Espero no equivocarme porque acudo a mi memoria: eran los años setenta, casi seguro en el canal 11 (el 22 no existía) y había un programa excepcional de crítica de cine: Emilio García Riera, Tomás Pérez Turrent y José de la Colina desplegaban una erudición gozosa. Daba la impresión que lo sabían todo sobre ese espectáculo/negocio/expresión cultural y en ocasiones arte, pero lo platicaban como si estuvieran jugando. Traían a cuenta directores, películas, géneros, hablaban del cine que no veríamos en México, de las vicisitudes de las películas mexicanas, pero también de los tipos que les quitaban el celofán a los dulces o de los devoradores de palomitas que con sus ruidos perturbaban las funciones. Sin arrogancia eran serios pero risueños. Alejados del mal humor que se presenta como sinónimo de gravedad o peor aún de espíritu contestatario, eran críticos rudos, conocedores pero alegres. Resultaban antisolemnes en una televisión más bien cuadrada (y no por el aparato). (Por cierto, De la Colina tiene un texto en el que ilustra cómo la venerada antisolemnidad de los años sesenta se convirtió, en ocasiones, en grosería).

Ese es mi primer recuerdo de José de la Colina. Y creo que ese mismo espíritu presidió su trabajo literario. A la vez docto y juguetón. Su libro Libertades imaginarias (Aldus. México. 2001), por ejemplo, es una caja de sorpresas, una baraja de textos reunidos de forma caprichosa rebosante de conocimiento y aliento lúdico. Escribe sobre Los trabajos de Persiles y Segismunda de Cervantes que “puede leerse por el puro placer de lo narrativo”, es decir, por el relato que va hilvanando episodios, sorpresas, personajes insólitos, perfidias, calamidades. Y creo que buena parte de los textos de De la Colina deben leerse con el mismo código: su mano va tramando un mundo alterno cargado de sapiencia y revelaciones, de puentes de contacto con otros escritores, recuperando tradiciones y abriendo puertas a descubrimientos varios o al puro y duro cotorreo. Da la impresión que existe en él un encanto —que contagia— para labrar y ensoñar historias que seducen “por el puro placer de lo narrativo”.
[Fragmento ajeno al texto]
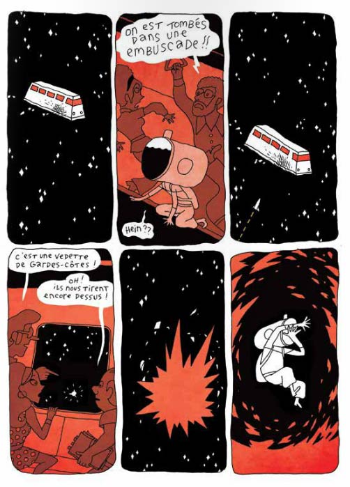 Erwann Surcouf was born in Mayenne. He graduated in Illustration from the School of Decorative Arts in Strasbourg in 2000, and then studied 3D Animation at the Gobelins School in Paris. He is working as a freelance illustrator since 2002, and his first comic album, 'Erminio le Milanais', was published by Vents d'Ouest in 2006. The script was by Amandine Laprun and Joseph Béhé, with whom Surcouf also cooperated on 'Le Chant du pluvier' (Delcourt, 2009). He published his solo mini-comic 'Un soir d'été' with Danger Public in 2007 and participated in collective projects like 'Boule de Neige' (Delcourt, 2007), 'Chicou Chicou' (Delcourt, 2008) and 'Les Autres Gens' (Dupuis, 2011-2014). Vide Cocagne released his futuristic graphic novel 'Pouvoirpoint' in 2016.
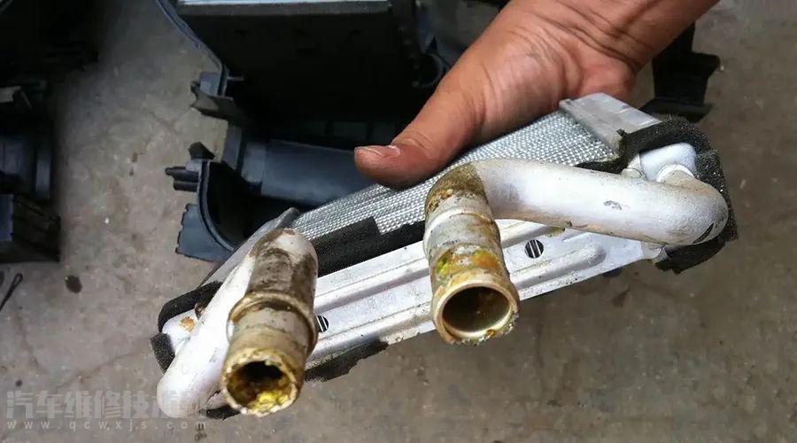 將此處的管路段開,從管口向暖風水箱內送入高壓空氣,將其內部的冷卻液排出。在這個過程中,發現水流排出不暢,且排出的液體中含有較多雜質,看起來像是密封膠凝固后的碎屑。拆除暖風水箱,可以看到管路上附著有較多雜質碎屑和凝固的密封膠。由于無法清除暖風水箱內部的堵塞物,最終將該水箱更換,故障排除。
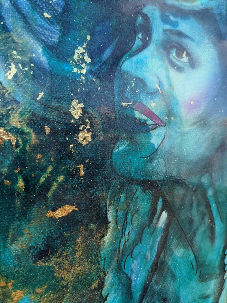 This is a quote from the original, and very dark tale of The Little Mermaid, by Hans Christian Anderson, this inspired the painting and the title of this piece. It is at this point in the story that the fate of the little mermaid is really set, she believes she can find an immortal soul, and it leads to tragedy.
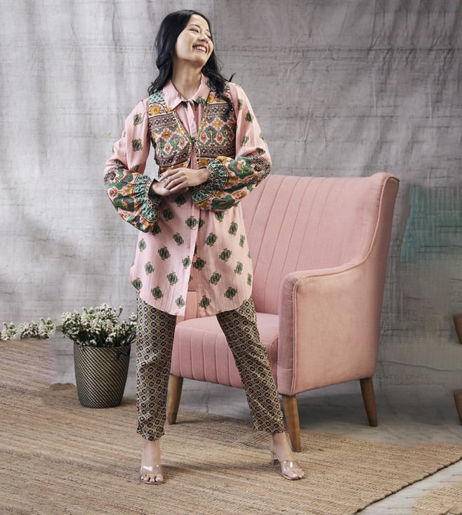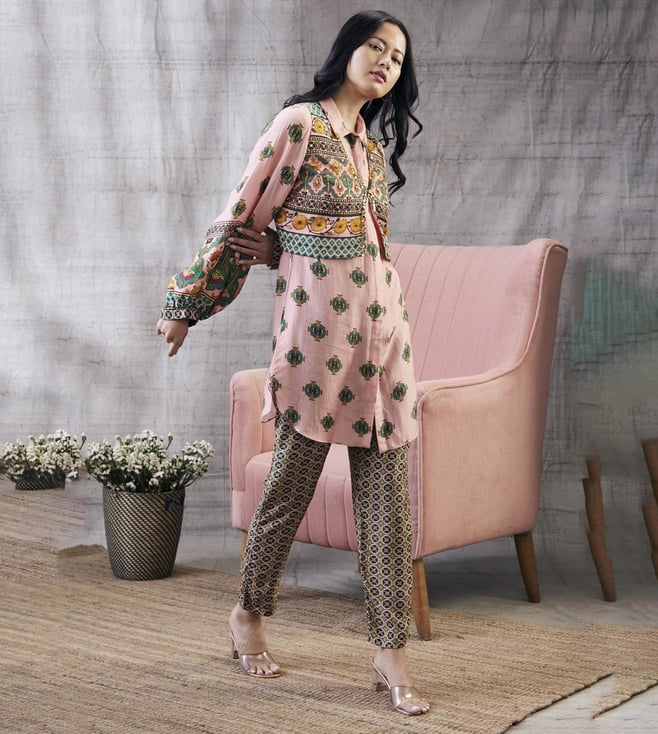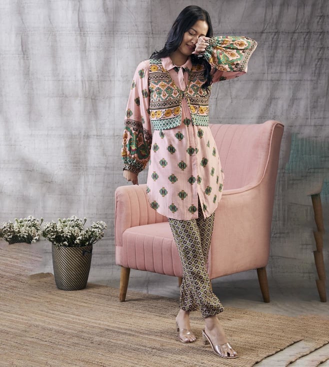 Vaunt a new trend by wearing this printed co-ord set with a jacket. Crafted using premium quality Malaysian silk, it will be very soft on the skin. Disclaimer: Product colour may slightly vary due to photographic lighting sources. Country of Origin - India.
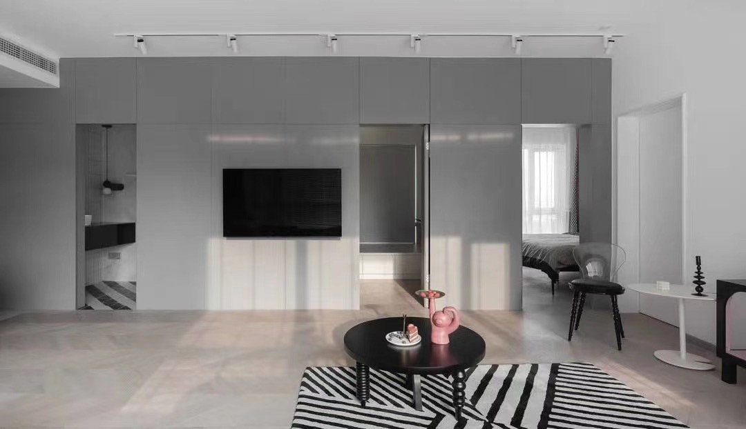房间隐形门和电视背景墙融为整体

El mismo libro tiene una cualidad adicional: sus textos parecen nutrirse explícitamente de otros textos de manera incontenible. Son ecos de otros ecos. Un libro lo conduce a otro y un autor a su antepasado, de tal suerte que teje una cadena de relaciones e influencias que abre vías que conducen circularmente al vasto mundo de la literatura.

Me gustan, de manera especial, sus juegos, que también pudimos leer, junto con estampas, episodios de vida, notas de cine o literatura, en la Revista de la Universidad de México cuando la dirigía Ignacio Solares. Sus cavilaciones sobre los dilemas que afronta quien dedica un libro o cómo convertir un poema en su contrario o la prosa irónica bordando sobre su propio nombre (su padre anarquista lo nombró Novel, su madre católica José, y los franquistas, que no querían dejar huella ni en los registros civiles de sus enemigos, lo renombraron Segundo), resultan regocijantes.

Medio escondidos en algunos de sus textos, hay desplantes críticos y crípticos sobre asuntos que le parecen vanos, y que son como la sal de los platillos. Como quien se sacude una molesta mosca al pasar, como si no tuviera la menor importancia (diría Arturo de Córdova y como eco De la Colina y como eco de los dos, yo), coloca unos buenos golpes: la Real Academia de la Lengua Española es “una autoridad severa a la que nadie hace caso, como si fuese en realidad una academia de cómicos de la le(n)gua”, o “A saber si un día la psicología, esa hoy llamada ciencia, no será considerada otra suerte de ‘astrología judiciaria’”.

Y ahora un abuso de mi parte: cuando no pocos “intelectuales de izquierda” dan la espalda a la tradición ilustrada, contemporizan con prácticas autoritarias, minimizan la dimensión laica del Estado y muestran su escaso compromiso con la democracia, recuerdo el certero y ocurrente dictado de José de la Colina: existen “ensayistas que van de Marx a menos”.